Figure 1: The diagram of LoRA.

LoRA-drop Methodology

LoRA-drop aims to enhance parameter efficiency by pruning based on LoRA output evaluation. This process begins by sampling subset datasets from specific tasks, using these to perform limited updates on LoRA. Each layer’s LoRA importance is quantified by the squared norm of its output, $\Delta \bm{Wx}$ , averaged over training data. Layers are then ranked by importance, preserving only those with high impact while sharing parameters for less significant layers. The final step involves model fine-tuning under this new parameter configuration.

Figure 2: The overall workflow of LoRA-drop.

Experimental Validation

Extensive experiments were conducted on various NLU and NLG tasks, including GLUE benchmarks and datasets like E2E and DialogSum. Results indicate LoRA-drop achieves comparable performance to original LoRA while employing only 50% of its parameters.

For instance, on the GLUE benchmark with RoBERTa-base, LoRA-drop achieved an average score of 86.2 with a significant parameter reduction, compared to Full-FT (86.3) and LoRA (86.1). This success was mirrored in larger models like RoBERTa-large and Llama2-7b, where LoRA-drop outperformed LoRA and Full-FT in terms of parameter efficiency and task performance. These outcomes underscore the efficacy of output-based parameter pruning strategies.

Analysis and Insights

LoRA-drop demonstrates adaptability to diverse datasets as evidenced by different importance distributions across datasets, validating the approach's robustness in assessing parameter significance by output rather than pre-defined parameter metrics.

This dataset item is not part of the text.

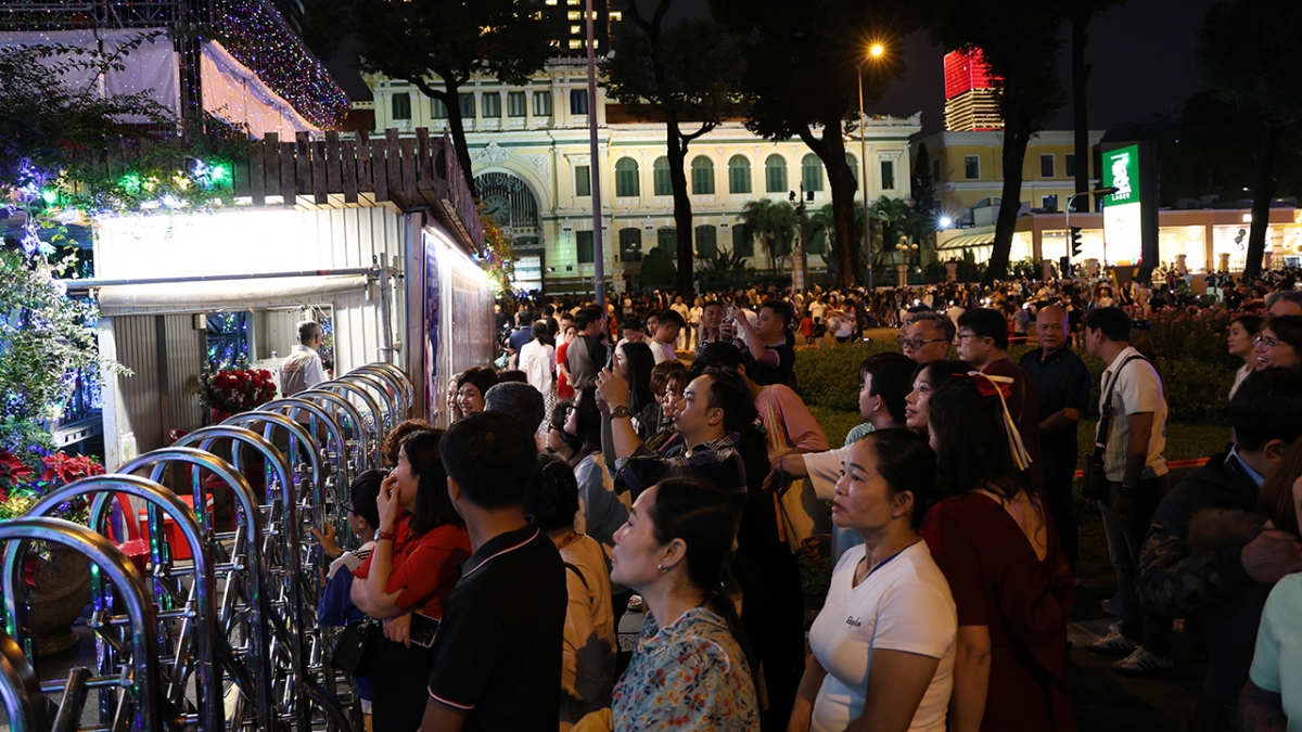 Còn tại TP.HCM, tối 24/12, sau cơn mưa lớn, người dân TP.HCM cùng đông đảo du khách vẫn đổ về các nhà thờ, xóm đạo và các tuyến phố trung tâm để vui chơi, chụp ảnh và mừng Chúa Giáng sinh.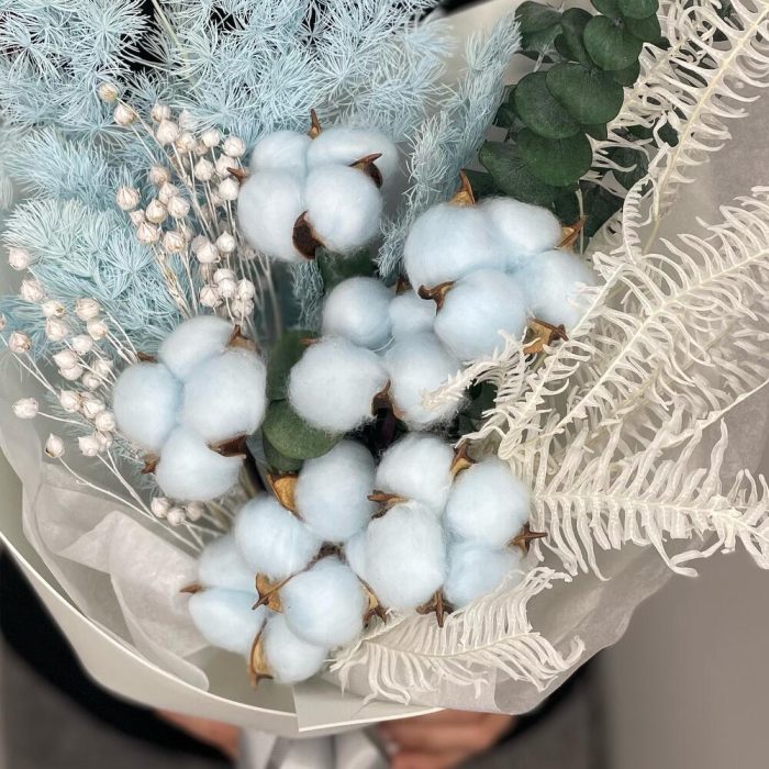 Лента – 1 шт.Упаковка дизайнерская – 1 шт.Эвкалипт стабилизированный – 3 шт.хлопок цветной – 7 шт.аспарагус стабилизированный – 1 шт.папоротник стабилизированный – 2 шт.лен сухоцвет – 11 шт.

Additionally, sharing LoRA parameters among layers deemed less important minimizes impact on high-importance layers, maintaining overall performance. Sample proportion analysis showcases the method’s insensitivity to data size variations, establishing its robustness.

Threshold $T$ plays a vital role, found optimal at 0.9, enabling effective layer selection without compromising task performance. Ablation studies confirm the necessity of shared parameters for low-importance layers and the rationale behind retaining high-impact layers.

Implications and Future Work

This research posits LoRA-drop as an effective strategy for enhancing parameter efficiency in fine-tuning pre-trained models, offering computational savings without sacrificing performance. The methodology paves the way for future work to explore its application across varied tasks and architectures, potentially refining the parameter pruning strategy and expanding its applicability beyond NLP models.

In conclusion, LoRA-drop showcases a significant stride in parameter-efficient model tuning, providing a practical framework for managing the computational needs of adapting and enhancing LLMs in diverse real-world applications.